A third thing to keep in mind is that we aren’t searching the Web when we search at one of the search engines. Instead, we’re searching the indexes of the Web that the search engines have created. That means that some pages may be indexed more than once under different URLs, that many pages on the Web may not be included since they haven’t been indexed yet, and that words that might appear on the Web as text in images or which are presented in Flash or hidden behind javascript or log-in screens aren’t going to be counted.
The table below is the number of total results in Millions. I sorted them by how frequently the terms tested appeared in Google Caffeine.
Query | Google Caffeine | Yahoo | Bing | Ask | |
a | 19,320 | 17,570 | 31,200 | 7,800 | 1,280 |
in | 15,850 | 13,980 | 30,200 | 7,850 | 900 |
to | 15,220 | 13,500 | 27,500 | 8,920 | 1,740 |
the | 14,850 | 13,900 | 28,800 | 8,170 | 747 |
of | 14,760 | 12,990 | 28,000 | 7,310 | 794 |
and | 13,980 | 12,950 | 28,000 | 7,490 | 789 |
for | 12,110 | 10,720 | 26,800 | 7,740 | 769 |
by | 12,080 | 10,420 | 27,000 | 6,120 | 956 |
on | 11,260 | 9,940 | 25,100 | 5,610 | 598 |
is | 9,580 | 8,870 | 22,600 | 4,250 | 699 |
I | 9,220 | 8,250 | 18,600 | 3,860 | 686 |
all | 9,110 | 7,580 | 27,200 | 6,990 | 1,020 |
this | 8,890 | 7,870 | 21,500 | 5,790 | 585 |
with | 8,490 | 6,300 | 20,900 | 2,440 | 636 |
it | 7,700 | 6,860 | 19,300 | 4,190 | 542 |
at | 7,410 | 6,600 | 20,800 | 3,930 | 552 |
from | 7,340 | 6,920 | 18,400 | 4,160 | 521 |
or | 7,030 | 6,210 | 19,500 | 3,940 | 567 |
you | 6,760 | 5,930 | 19,900 | 5,080 | 543 |
as | 6,460 | 5,750 | 15,400 | 3,550 | 884 |
your | 6,360 | 5,470 | 19,500 | 3,790 | 495 |
an | 6,260 | 5,520 | 16,500 | 3,780 | 489 |
are | 6,260 | 5,760 | 18,100 | 163 | 578 |
be | 6,120 | 5,460 | 17,100 | 3,990 | 473 |
that | 5,780 | 5,260 | 15,200 | 5,650 | 405 |
do | 5,500 | 5,020 | 13,000 | 2,090 | 410 |
not | 5,500 | 4,870 | 15,600 | 4,550 | 418 |
have | 4,870 | 4,390 | 14,500 | 4,130 | 468 |
one | 4,330 | 3,870 | 12,300 | 2,750 | 375 |
can | 4,150 | 3,690 | 13,300 | 3,030 | 367 |
was | 3,930 | 3,610 | 10,400 | 2,960 | 361 |
if | 3,810 | 3,500 | 11,200 | 2,660 | 345 |
we | 3,780 | 3,370 | 12,400 | 3,430 | 358 |
but | 3,610 | 3,340 | 10,100 | 1,680 | 327 |
what | 3,290 | 2,850 | 11,600 | 3,080 | 322 |
which | 3,020 | 2,810 | 7,750 | 1,810 | 300 |
there | 2,970 | 2,770 | 8,340 | 1,450 | 262 |
when | 2,850 | 2,600 | 8,360 | 1,580 | 306 |
use | 2,730 | 2,250 | 12,300 | 1,830 | 327 |
their | 2,690 | 2,680 | 8,210 | 1,650 | 254 |
they | 2,650 | 2,440 | 8,260 | 1,670 | 293 |
how | 2,470 | 2,170 | 9,050 | 1,730 | 289 |
he | 2,200 | 2,040 | 6,060 | 1,420 | 190 |
were | 2,130 | 2,100 | 5,320 | 2,770 | 203 |
his | 2,030 | 1,880 | 5,310 | 858 | 182 |
had | 1,860 | 2,240 | 5,090 | 966 | 191 |
each | 1,370 | 1,290 | 4,150 | 1,090 | 164 |
said | 1,210 | 1,350 | 4,060 | 857 | 128 |
she | 953 | 882 | 3,030 | 1,200 | 95 |
word | 780 | 685 | 2,280 | 469 | 80 |
I thought it would be helpful to present this information in a visually different manner as well.
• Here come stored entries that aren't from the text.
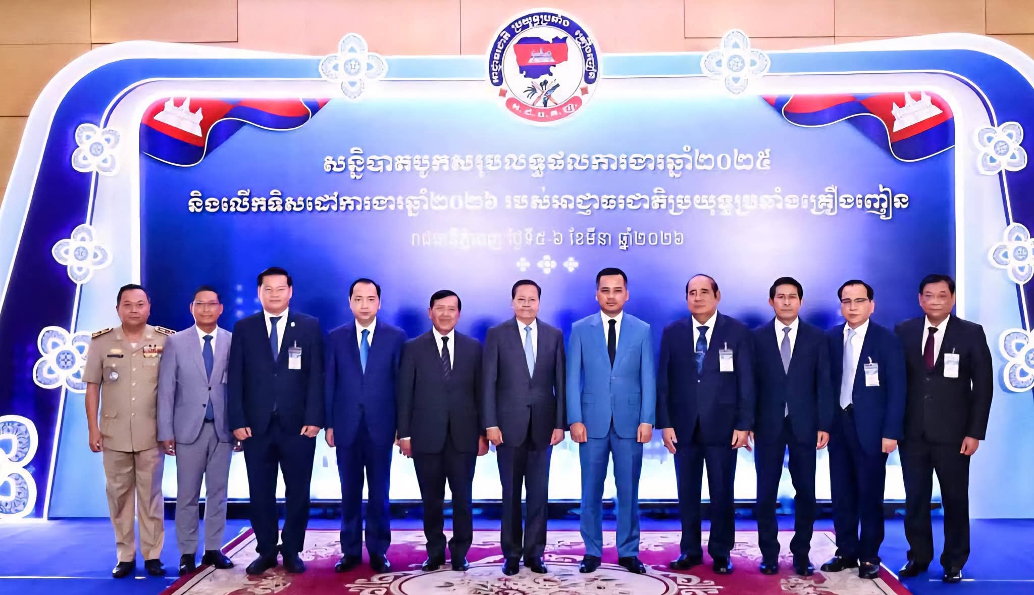 ឯកឧត្តមបណ្ឌិត ម៉ក់ ជីតូ រដ្ឋលេខាធិការក្រសួងមហាផ្ទៃ និងជាប្រធានគណៈកម្មការបង្ការ ទប់ស្កាត់ និងបង្រ្កាបគ្រឿងញៀនតាមបណ្តាខេត្តជាប់ព្រំដែន និងតាមច្រកទ្វារព្រំដែន អញ្ចើញចូលរួមពិធីផ្សព្វផ្សាយផែនការយុទ្ធនាការប្រយុទ្ធប្រឆាំងគ្រឿងញៀនខុសច្បាប់លើកទី១១ ======================នាព្រឹកថ្ងៃសុក្រ ៣រោច ខែផល្គុន ឆ្នាំម្សាញ់ សប្ដស័ក ព.ស២៥៦៩ ត្រូវនឹងថ្ងៃទី៦ ខែមីនា ឆ្នាំ២០២៦ ឯកឧត្តមបណ្ឌិត ម៉ក់ ជីតូ រដ្ឋលេខាធិការក្រសួងមហាផ្ទៃ និងជាប្រធានគណៈកម្មការបង្ការ ទប់ស្កាត់ និងបង្រ្កាបគ្រឿងញៀនតាមបណ្តាខេត្តជាប់ព្រំដែន និងតាមច្រកទ្វារព្រំដែន បានអញ្ចើញចូលរួមពិធីផ្សព្វផ្សាយផែនការយុទ្ធនាការប្រយុទ្ធប្រឆាំងគ្រឿងញៀនខុសច្បាប់លើកទី១១ ក្រោមអធិបតីភាពដ៏ខ្ពង់ខ្ពស់ឯកឧត្តមសន្តិបណ្ឌិត នេត សាវឿន ឧបនាយករដ្ឋមន្រ្តី ប្រធានអាជ្ញាធរជាតិប្រយុទ្ធប្រឆាំងគ្រឿងញៀន និងជាប្រធានគណៈបញ្ជាការយុទ្ធនាការប្រយុទ្ធប្រឆាំងគ្រឿងញៀនខុសច្បាប់ និងឯកឧត្តមអភិសន្តិបណ្ឌិត ស សុខា ឧបនាយករដ្ឋមន្រ្តី រដ្ឋមន្រ្តីក្រសួងមហាផ្ទៃ និងជាអនុប្រធានគណៈបញ្ជាការយុទ្ធនាការប្រយុទ្ធប្រឆាំងគ្រឿងញៀនខុសច្បាប់ នៅសណ្ឋាគាររ៉េស៊ីដង់ សុខាភ្នំពេញ។
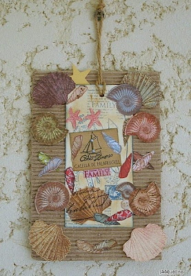 I used a gift sticker for the centre piece and I didn't spend hours cutting out shells for nothing either! I used the word Family and some shipping rope etc. Well I did try my best.
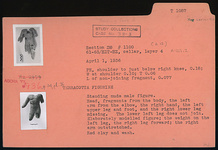 | Description: | Head, fragments from the body, the left arm from the elbow, the right hand, the left upper leg and foot, and the right lower leg missing. The lower left leg does not join. The weight on the left leg, the right leg forward; the right arm outstretched. Red clay and wash. | |

Therefore, the chart that follows is in reverse order of the table above.
As I mentioned above, this is a completely unscientific view.
It definitely won’t do is provide an idea of how large the databases might be for each of the search engines. However, according to a post at the Cuil blog on Bing (no longer available), there is a way to try to make that comparison. Still, it relies upon looking at the number of search results for rare terms rather than looking at the most frequently appearing words as I have.
I think it is very informative. How come Yahoo has so many more occurrences? You would not think that yahoo indexed more pages than google or bing, I wouldn’t anyways.
[I’m not sure how informative this might be, even after looking at it. ] Exactly. And using 2% of the index that’s worst than guessing because it can be so misleading. 2% of what slice? The one thing it does seem to be good at is verifying stop words. Cheers –
Thanks, malmilligan and Tommy,
I may have jinxed some of the discussion about this comparison of words and rankings and search engines by saying that this might not be that informative.
I did something like this a couple of years back, looking at how many sites were listed at different country level tlds (Google’s Most Popular and Least Popular Top Level Domains). A lot of interesting ideas came out in the discussion around the post, including people seeing very different numbers at different data centers.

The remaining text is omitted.